Airbnb Investing? It Comes with Risks and Benefits


Airbnb ownership can be a good source of passive income flexibility for personal use. The downside: Startup costs, irregular income and an occasional unruly guest.

NEW YORK – Owning a hotel or a lodge might be a bridge for investors in this economy, hence investing in Airbnb is most feasible. Airbnb investing is substantially different from traditional real estate investing.

Depending on the money at hand to invest it can be a very lucrative investment considering adequate research and planning is done. Like any other investment, understanding the risks and benefits of Airbnb investing can help you decide if it’s the right form of investment for you.

Benefits of Airbnb investment

1. Great source of passive income

With the enhanced popularity of Airbnb and other vacation rental platforms there is an opportunity for investors to generate a stream of passive income.
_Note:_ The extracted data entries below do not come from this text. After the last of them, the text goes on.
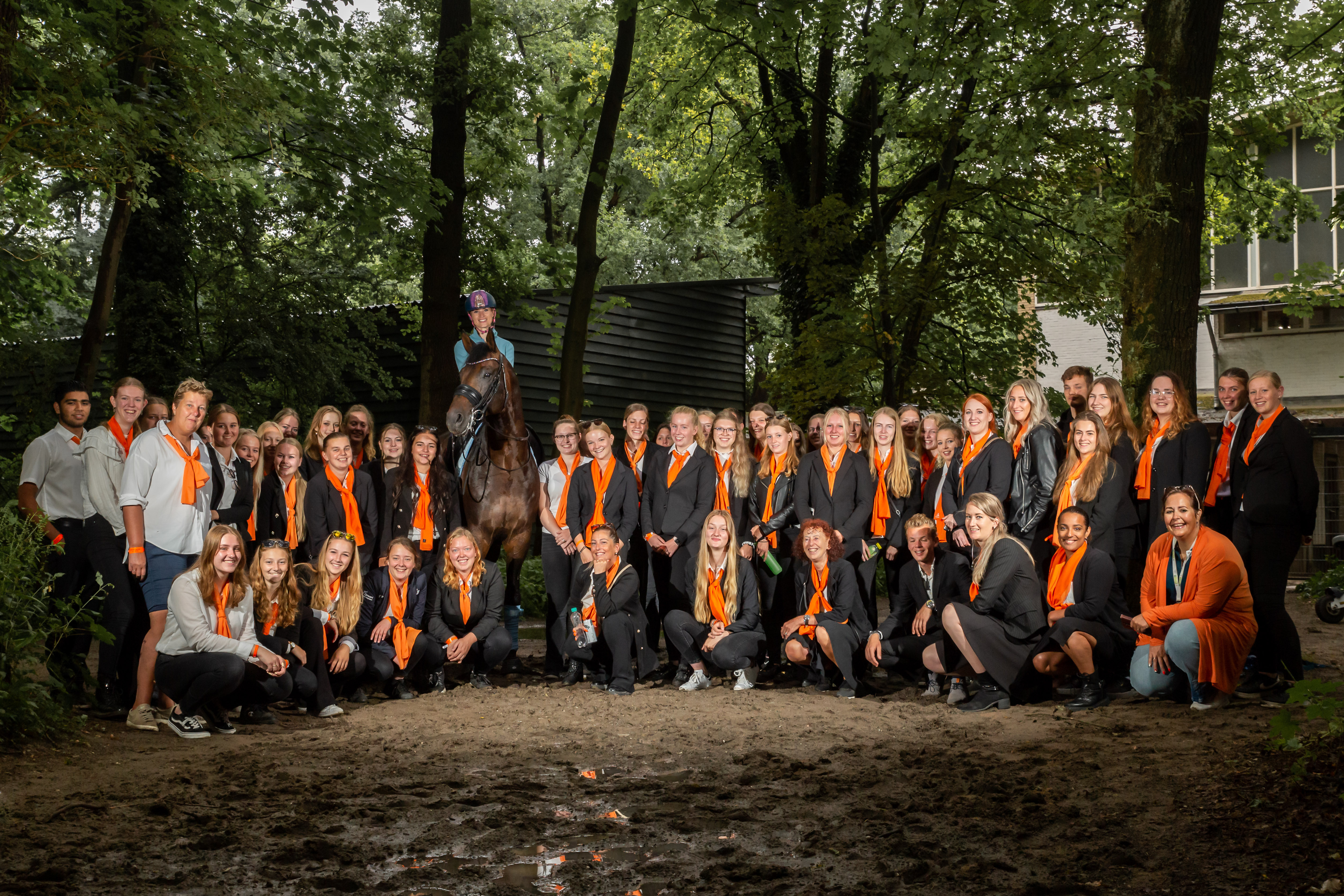 “Over Rotterdam gesproken, een paar jaar geleden vroeg een team van jullie om met mij op de foto te gaan voor een groepsfoto. Ik stelde voor Hermès mee te nemen. In het bos, een hele groep mensen om hem heen, lichtschermen, flitsen, hij heeft 10 minuten doodstil gestaan met zijn oortjes naar voren. Daar geniet hij van, hij is een soort arrogant, hij houdt ervan om in de belangstelling te staan. Zo kan hij als ik een proef moet rijden best iets gespannen zijn als we net de ring binnen komen, maar prijsuitreikingen vindt hij geweldig.
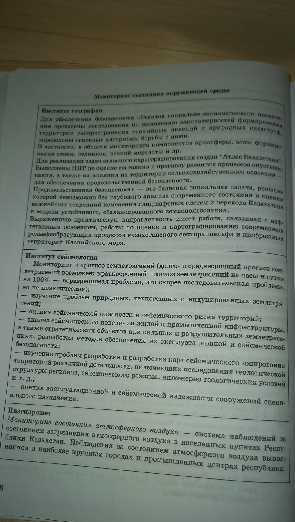 1. Вся научно-исследовательская деятельность отмеченных выше науч- ных центров Казахстана связана с мониторингом состояния окружаю- щей среды. Пользуясь таблицей, проанализируйте мониторинг состо- яния окружающей среды, подготовленный научными учреждениями Мусабаев страны. Сделайте вывод.
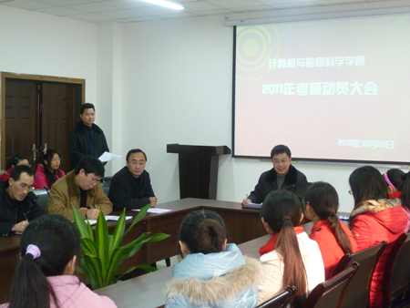 大会开始,马燕院长先跟同学们分享了考研的自身感受,强调信心的重要性,并就怎样科学复习做出了详细的讲解;而后魏延老师详细地讲解了志愿填报和补录的注意事项;接下来杨晓红副院长对考试时间和考试期间的注意事项进行了温馨提醒;随后,李晓燕书记以“信心比黄金重要”来鼓励同学们,希望大家一定不要半途而废;最后,刘军书记用“加强信心,鼓足干劲;科学准备,合理作息;放下包袱,轻装上阵;掌握技巧,把握机遇;一鼓作气,预祝成功”五句精炼的话对同学们提出了殷切希望。领导讲话结束后,07级计算机科学与技术专业的李爽同学代表所有考研学生向学院领导和老师做出承诺,一定严守考风考纪,以优异的成绩回报学院的关心。在大会的最后,浪live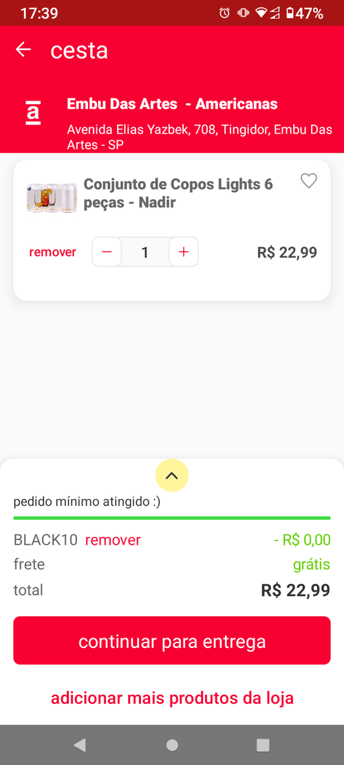 Promoção do interior do Acre que só funciona no interior do Acre - “Cálculo de frete indisponível no momento.”

All the host (investor) needs to do primarily is to appoint a caretaker to take care of the premises while the host handles bookings and payments.

Due to its nature, it can be great way of diversifying an investment portfolio, enabling the investor to focus on more hands-on investments.

2. Easy to maintain

Surprisingly, there is reduced work required to sustain the property than traditional rental properties. Guests when making bookings are charged a cleaning fee, hence the property is cleaned routinely. Also, hosts can use reviews from the guests after a stay to see areas that need advancement.

Lastly, the grounds and surrounding areas can be an obligation of the caretaker.

3. Flexibility

In resort areas, Airbnbs can be more profitable during holidays, and you can rent your property only in that time period if you want. Lastly when managing Airbnbs, you can alter rental prices according to your valuation of the property or when improvements are made.

4. Easy to find guests

As guests write positive reviews and rate their stay as “great,” it lures more guests to experience the same for themselves.

The app also screens guests and recommends the best stays according to the type of guests searching for the rental. And because it’s a short term rental, you don’t necessarily sign legally binding documents. Guests only need to agree to terms and conditions.

Risks of Airbnb investment

1. Higher start-up costs

John Wanamaker once said, “When customer enters my store, forget me. He is king.” In this case, we refer to customers as our Airbnb guests. To make the property more attractive, investors need to spend money upfront and to provide a best experience. This can be in the form of pavements, refurbishment, furniture, etc.

2. Irregular income

Initially, you need to book off-days for repairs and maintenance ; secondly, the hospitality industry is seasonal, which will trigger a ripple effect as some months’ income will be less than others.

Also, while you can yield a high profit with short term rentals, your cash flow depends on how many days are booked per month.

3. Risk of theft or damage

Perhaps the biggest risk of Airbnb investment is theft and damage. With a high turnover of guests, the host (investor) could lose track of keys and can’t control guests behavior. Property can be stolen, or guests can damage property and get away without paying for the damages. Since many Airbnb hosts live elsewhere and depend on caretakers to manage the property, this is largely out of their control.

4. Guest liability

As a vacation rental owner, a significant concern is guest injury or risks of an incident happening on the premise. Even if an investor is not on the premise at the time of the incident, they can be still be held legally responsible. The very thing that attracts guests, like a swimming pool, might end up in paying medical bills, legal fees, etc.